## Work to complete
Write out the whole listing below exactly, skipping each picture.

Available data Block Start

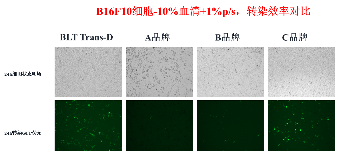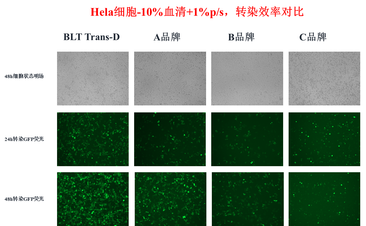 4.轉(zhuǎn)染試劑可用于有血清培養(yǎng)基的轉(zhuǎn)染,并且轉(zhuǎn)染前不需要換培養(yǎng)基。但是,制備轉(zhuǎn)染復(fù)合物時要求用無血清培養(yǎng)基稀釋DNA和轉(zhuǎn)染試劑,轉(zhuǎn)染時培養(yǎng)液中不添加抗生素;
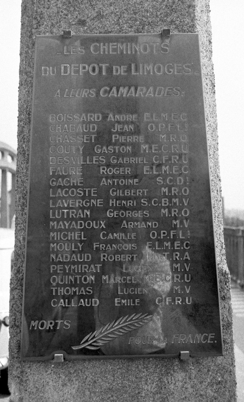 Plaque des cheminots à Limoges
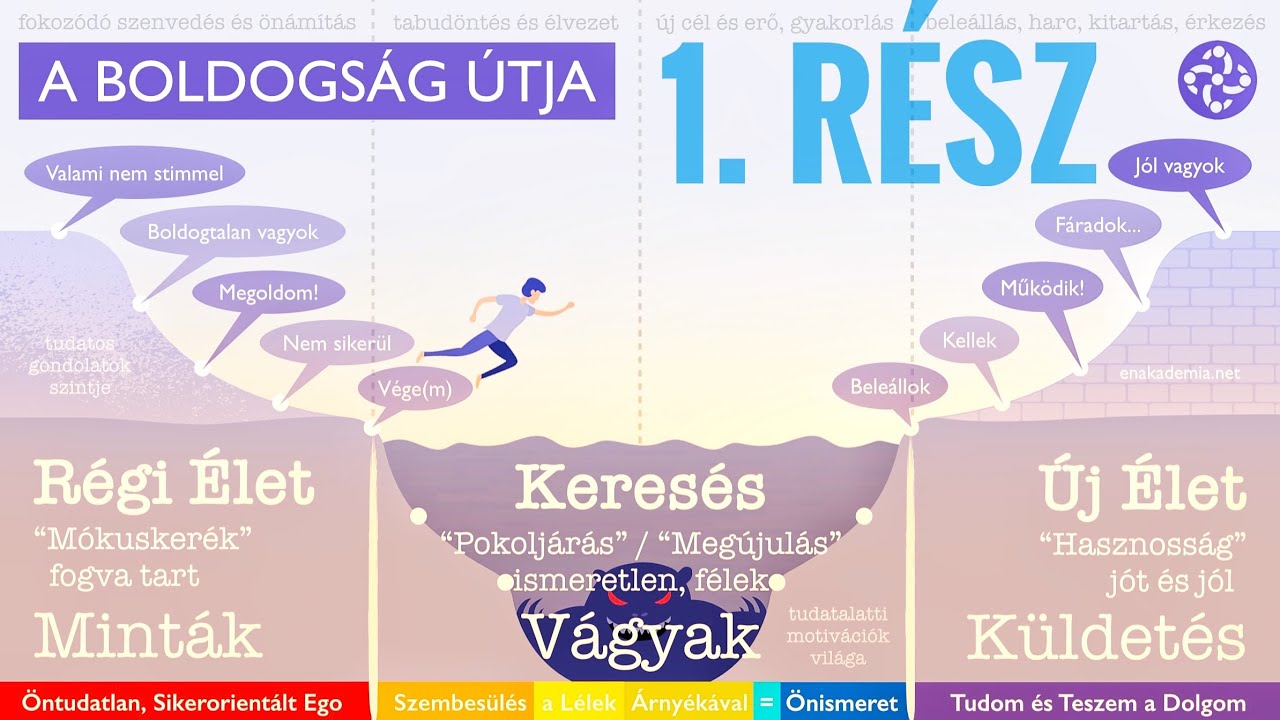 A boldogság útja korszakos, aminek fontos mérföldkövei “a minták csődje” és “a ráció halála”.

Available data Block End

## Response below
 4.轉(zhuǎn)染試劑可用于有血清培養(yǎng)基的轉(zhuǎn)染,并且轉(zhuǎn)染前不需要換培養(yǎng)基。但是,制備轉(zhuǎn)染復(fù)合物時要求用無血清培養(yǎng)基稀釋DNA和轉(zhuǎn)染試劑,轉(zhuǎn)染時培養(yǎng)液中不添加抗生素;
 Plaque des cheminots à Limoges
 A boldogság útja korszakos, aminek fontos mérföldkövei “a minták csődje” és “a ráció halála”.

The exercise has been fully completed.